Raja Ampat is located on the northwestern tip of West Papua, Indonesia, at the heart of the Coral Triangle. The region includes over 5.2million hectares of ocean, 1411 small islands, cays, and shoals, that surround four main islands of Waigeo, Batanta, Salawati, and Misool. Straddling the Equator, the region contains the richest marine biodiversity on earth, and is one of the last remaining coral strongholds on the planet.
Raja Ampat is part of the Bird’s Head Seascape; 4.6 million hectares of protected coastal and marine space which encompasses Cenderawasih Bay in the east, Raja Ampat islands in the west, Triton Bay in Kaimana Regency, and Fakfak Regency in the south. Boasting phenomenally high concentrations of marine species, including iconic megafauna such as Whale Sharks, Manta Rays and sea turtles, Raja Ampat’s crystalline waters are internationally recognized as the global epicenter of marine biodiversity. Researchers have recorded over 1,600 species of reef fish and over 550 species of coral in the region.

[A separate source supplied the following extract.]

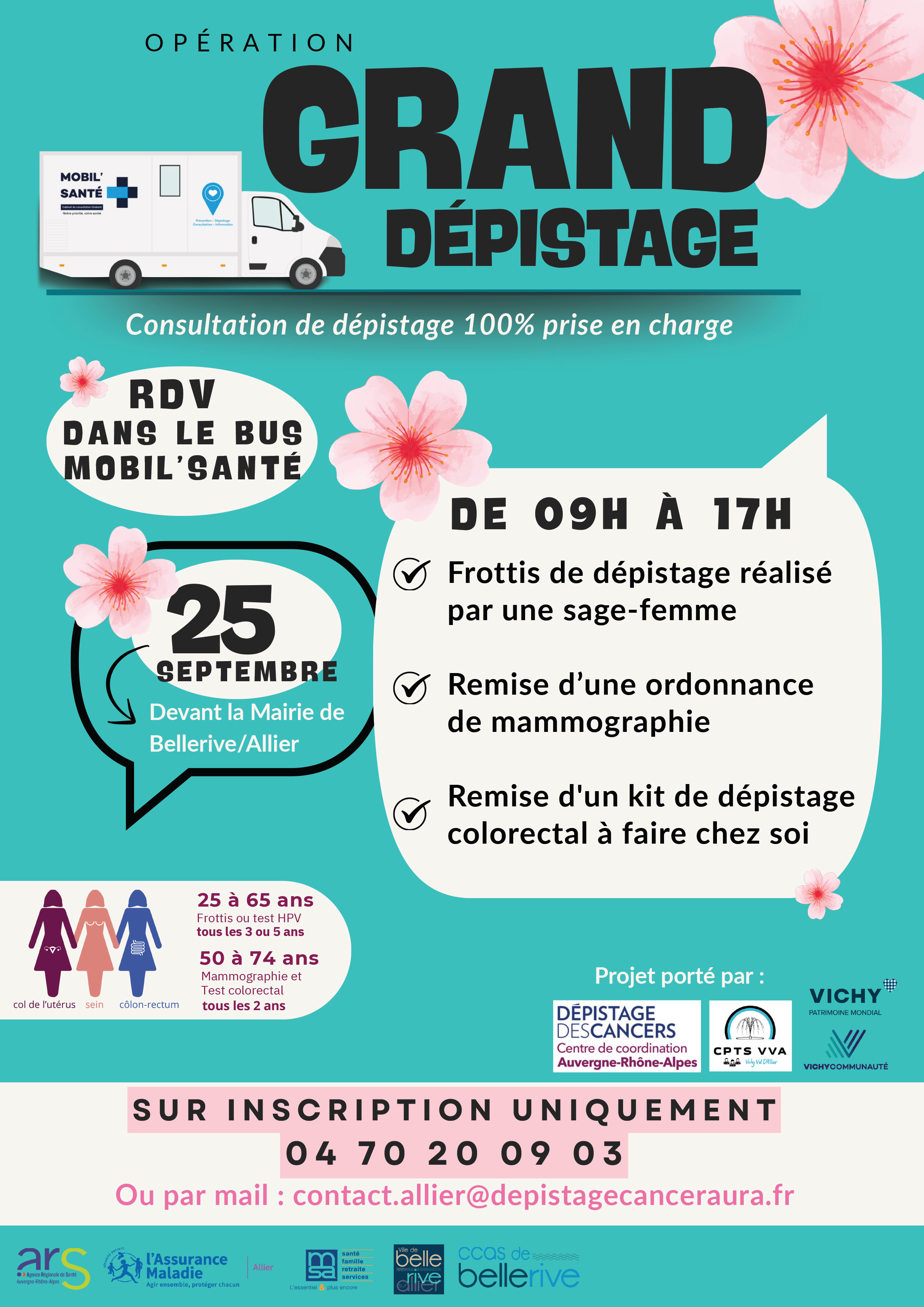 L’opération Grand dépistage se déroulera le jeudi 25 septembre 2025, de 9 à 17 heures, sur l’Esplanade François-Mitterrand à Bellerive-sur-Allier !

These rich coastal and marine ecosystems offer a wealth of natural services that provide important biological and socio-economic functions, including the provision of a primary source of food and income for local communities. Yet these resources also make it a desirable target for economic development, from fisheries (legal and illegal), oil and gas extraction, mining, logging, tourism and coastal development. The incredible natural wealth and vulnerable location at the rim of the Pacific Ocean, has caused Raja Ampat to suffer greatly over the past decades from poaching, unregulated commercial fishing and damaging fishing practices.
Marine conservation and sustainable resource management in Raja Ampat are high priorities for the national, provincial and regional governments. With the acknowledgement that the region contains a rich natural state found nowhere else in the world, government and local communities, in collaboration with Conservation International(CI), The Nature Conservancy(TNC) and Worldwide Fund For Nature (WWF) established a network of Marine Protected Areas (MPAs) under the jurisdiction of central and provincial governments. Raja Ampat’s first MPA was established in 2004, with the most recent established in 2019. These MPAs now encompass 2,000,109 hectares, and all MPAs include multiple use zones that regulate activities that are permitted and forbidden within their boundaries.
This level of protection and associated monitoring ensures that this rich and diverse marine ecosystem, the world’s last remaining coral stronghold, is managed sustainably now and into the future, with environment, local community wellbeing and sustainable development at the centre of all management practice.